REQUIREMENT: Return all the lines below exactly. Any picture among them is omitted.

%%

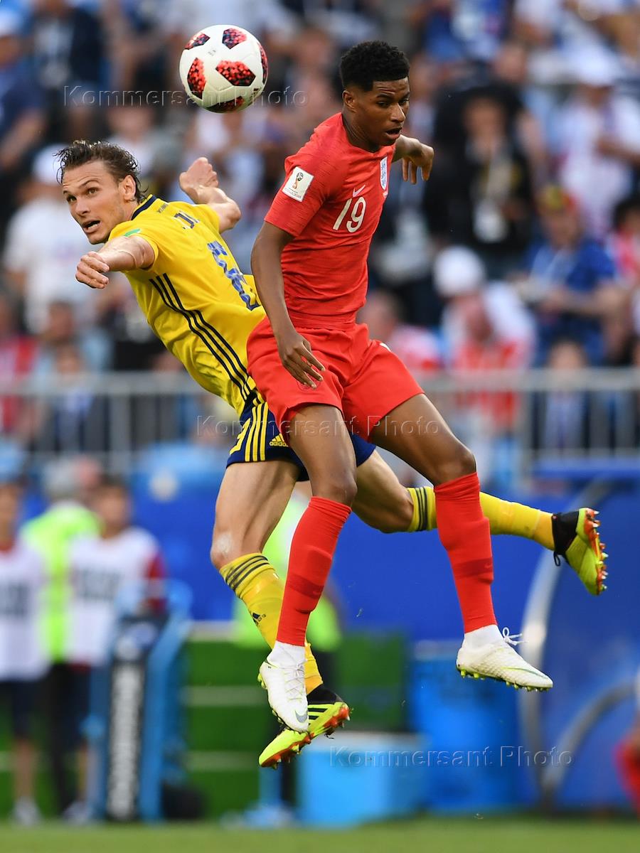 Чемпионат мира по футболу в России FIFA-2018. 1/4 финала. Матч между сборными Швеции и Англии прошел на стадионе "Самара Арена". Игрок сборной Швеции Альбин Экдаль (слева) и игрок сборной Англии Маркус Рэшфорд (справа) во время матча.
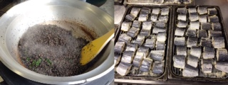 さごしは料理酒、塩で下味をつけた後、230度の温度で蒸し焼きにしました。
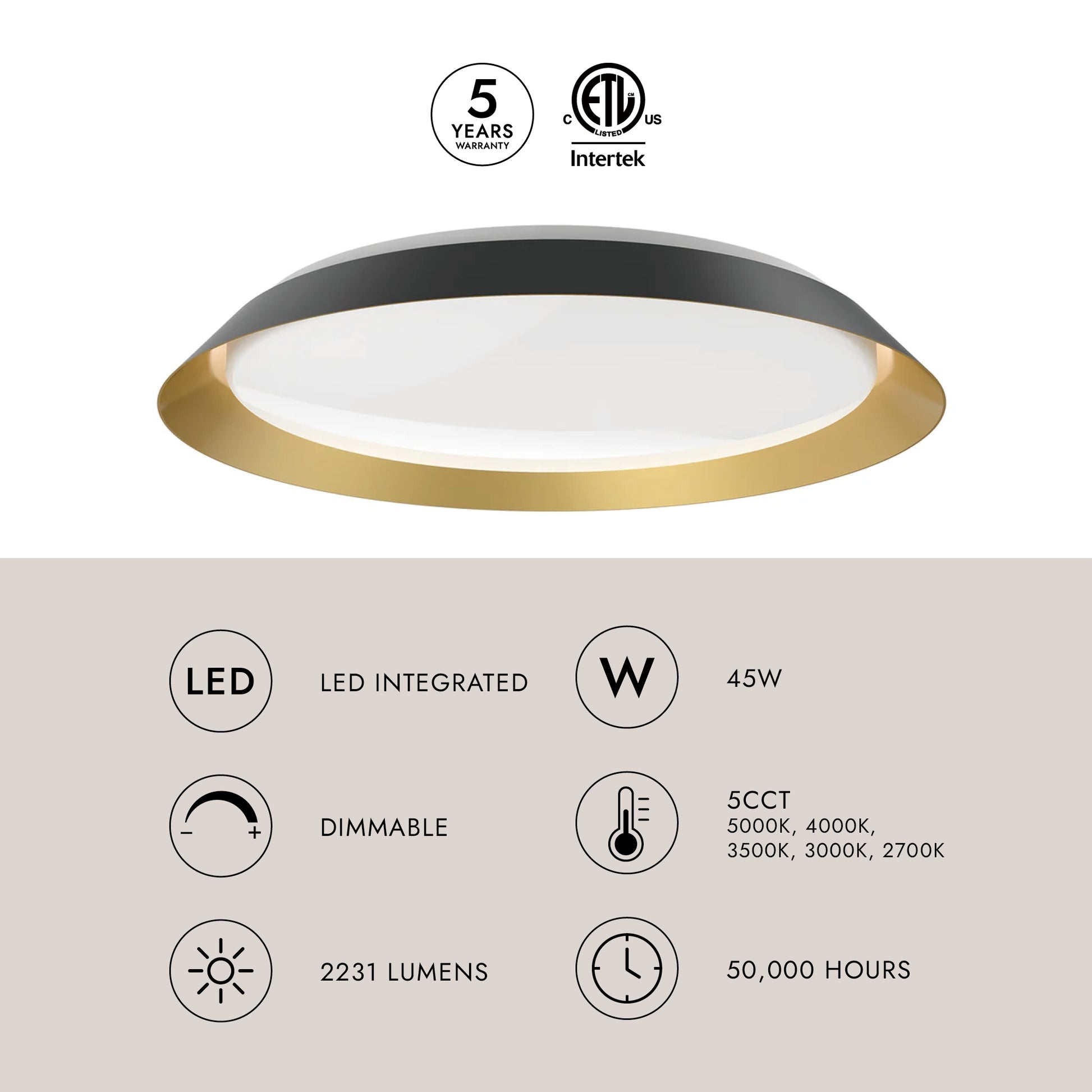 - Integrated LED with Selectable Color Temperature Options
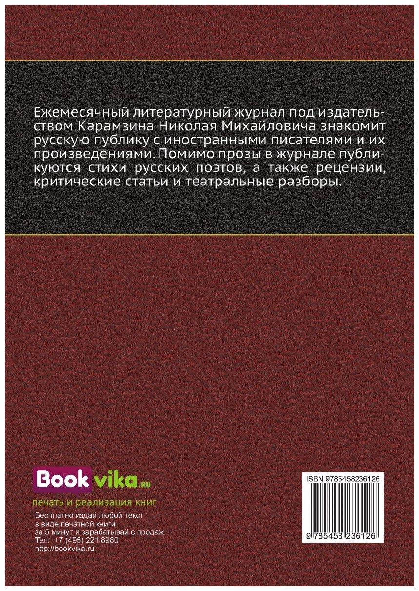Ежемесячный литературный журнал под издательством Карамзина Николая Михайловича знакомит русскую публику с иностранными писателями и их произведениями. Помимо прозы в журнале публикуются стихи русских поэтов, а также рецензии, критические статьи и театральные разборы.
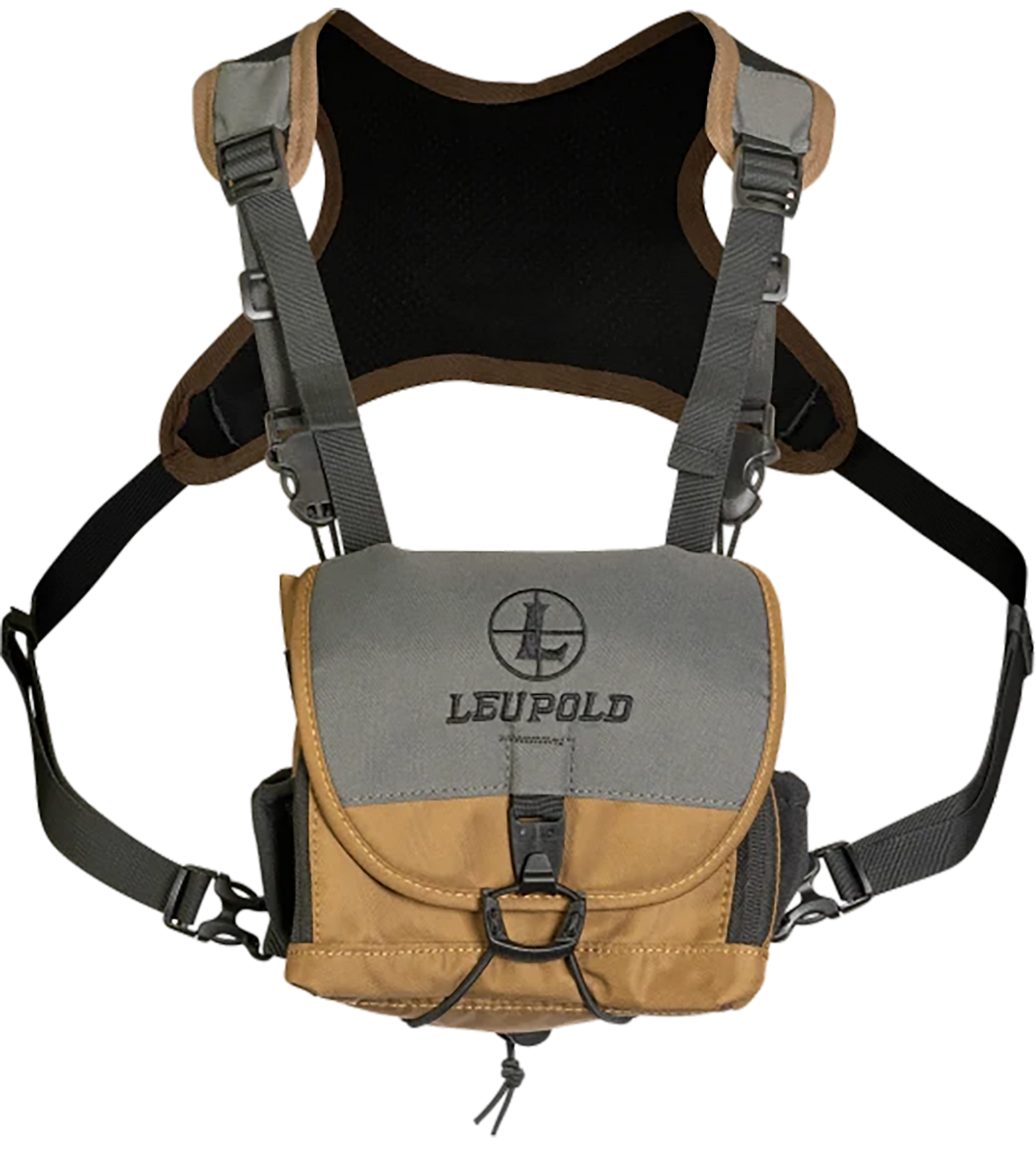 Leupold's go afield bio harness xf features 600 denier nylon outer material with tpu backed with breathable air mesh back panel.It utilizes a non-elastic strap/tether system, one-handed closure system, side attachment strap system and side and front accessory pockets.
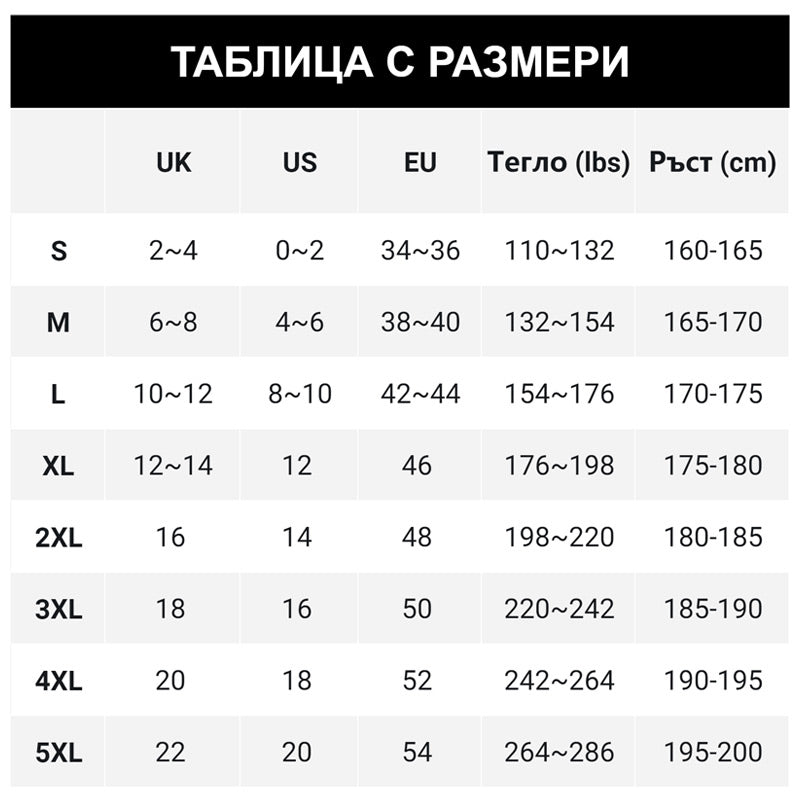 РАЗМЕРНА ТАБЛИЦА
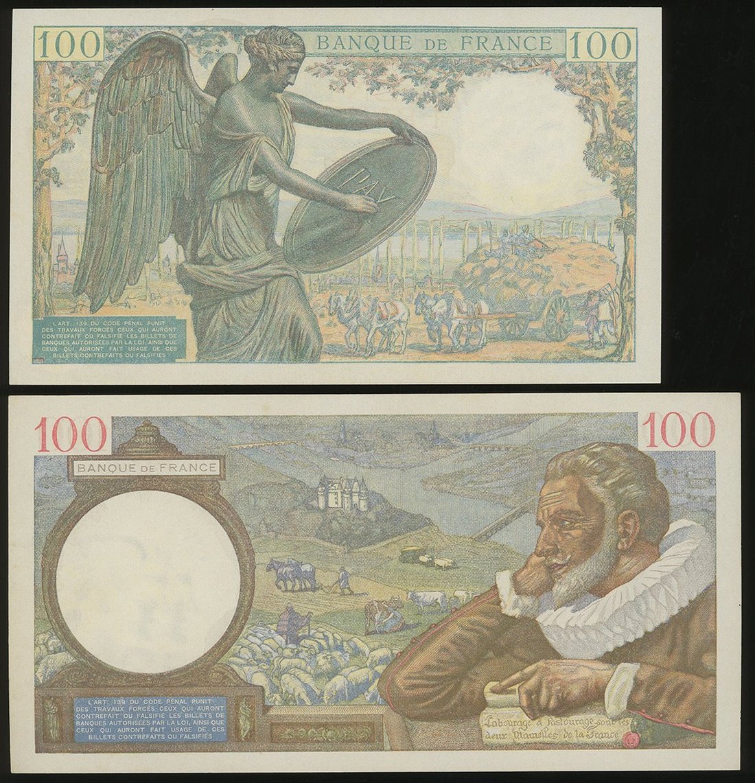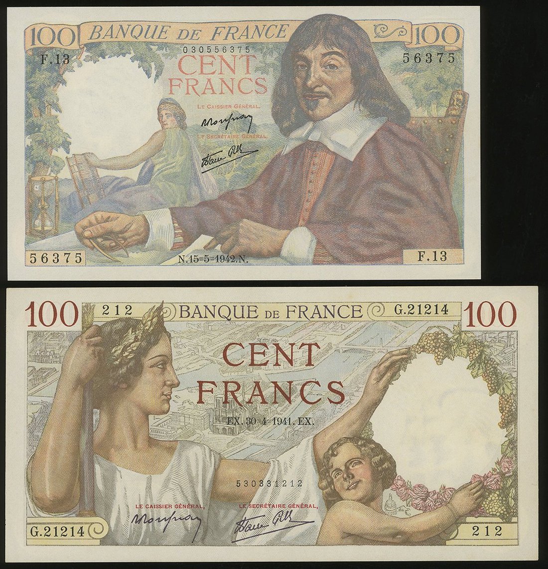 Banque de France, 2x 100 Francs, 30.4.1941 and 15.5.1942, serial numbers G.21214 212 and F.13 56375, (Pick 94, 101a), with light folds, about uncirculated (2)

%%

TASK OUTPUT:
 Чемпионат мира по футболу в России FIFA-2018. 1/4 финала. Матч между сборными Швеции и Англии прошел на стадионе "Самара Арена". Игрок сборной Швеции Альбин Экдаль (слева) и игрок сборной Англии Маркус Рэшфорд (справа) во время матча.
 さごしは料理酒、塩で下味をつけた後、230度の温度で蒸し焼きにしました。
 - Integrated LED with Selectable Color Temperature Options
Ежемесячный литературный журнал под издательством Карамзина Николая Михайловича знакомит русскую публику с иностранными писателями и их произведениями. Помимо прозы в журнале публикуются стихи русских поэтов, а также рецензии, критические статьи и театральные разборы.
 Leupold's go afield bio harness xf features 600 denier nylon outer material with tpu backed with breathable air mesh back panel.It utilizes a non-elastic strap/tether system, one-handed closure system, side attachment strap system and side and front accessory pockets.
 РАЗМЕРНА ТАБЛИЦА
 Banque de France, 2x 100 Francs, 30.4.1941 and 15.5.1942, serial numbers G.21214 212 and F.13 56375, (Pick 94, 101a), with light folds, about uncirculated (2)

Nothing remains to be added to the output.